Hacker News new | ask | show | jobs
by hedvig 2417 days ago
> de facto, restricted to graduates of the top-N (3 or 7 or whatever) MBA programs.

Isn't this a problem?

1 comments

A problem for who?

Certainly not for the MBA programs and their graduates.

Inverting your response gives the answer: anyone for whom those programmes are not attainable, or from which they're excluded.
Right- the current state of affairs serves the top-tier MBA programs, their graduates, and management consulting/ banking/ PE firms very well for the time being.

Top-tier MBA progams' whole pitch is about how getting in to these elite institutions confers massive benefits to the rest of your career- they certainly have no incentive to change any of this. The employing firms get a veneer of shiny "elite" frosting over their staffs (and they're mostly selling the abilities of their staffs)- the current systems serves them very well too. Being egalitarian would have some feel-good optics (maybe), but isn't in the interest of any of these entities.

These old-school institutions aren't where you go if you want something that reflects Silicon Valley-esque "meritocracy", where credentials don't matter and only impact does. That's why this ethos is a big deal, and different than what came before (though it has its own set of issues).

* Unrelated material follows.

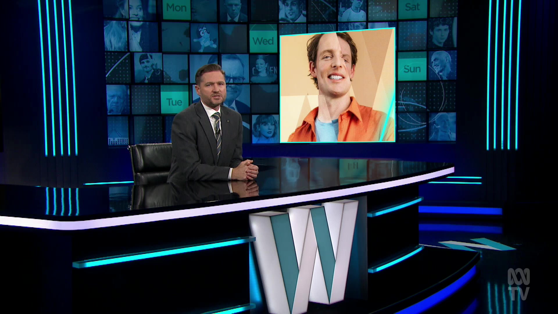 Charlie judges Lehrmann and cancels the Olympics, Margaret Pomeranz gives Todd Woodbridge an unreturnable serve, Concetta Caristo makes friends with the neighbours and Kiwi comic Guy Montgomery checks our spelling.

"Meritocracy" itself is a fraught concept:

Although the concept of meritocracy has existed for centuries, the term itself was coined in 1958 by the sociologist Michael Dunlop Young in his satirical essay The Rise of the Meritocracy.

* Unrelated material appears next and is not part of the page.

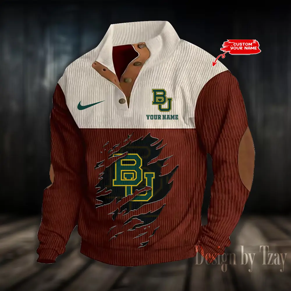 Baylor Bears NCAA Casual Outdoor Collar Pullover Button Quarter Sweater For mens

https://en.wikipedia.org/wiki/Meritocracy

https://en.wikipedia.org/wiki/The_Rise_of_the_Meritocracy

Ya I'm with you, hence the scare quotes.

In any case, I'm not defending the MBA industrial complex, but it is an attractive, valuable, and stable system they've set up. I definitely got value from it, but fair it is not.

Silicon Valley/ VC-land has a seemingly more egalitarian system on the surface, but if you dig even an inch deep there's a lot of ugly stuff there too.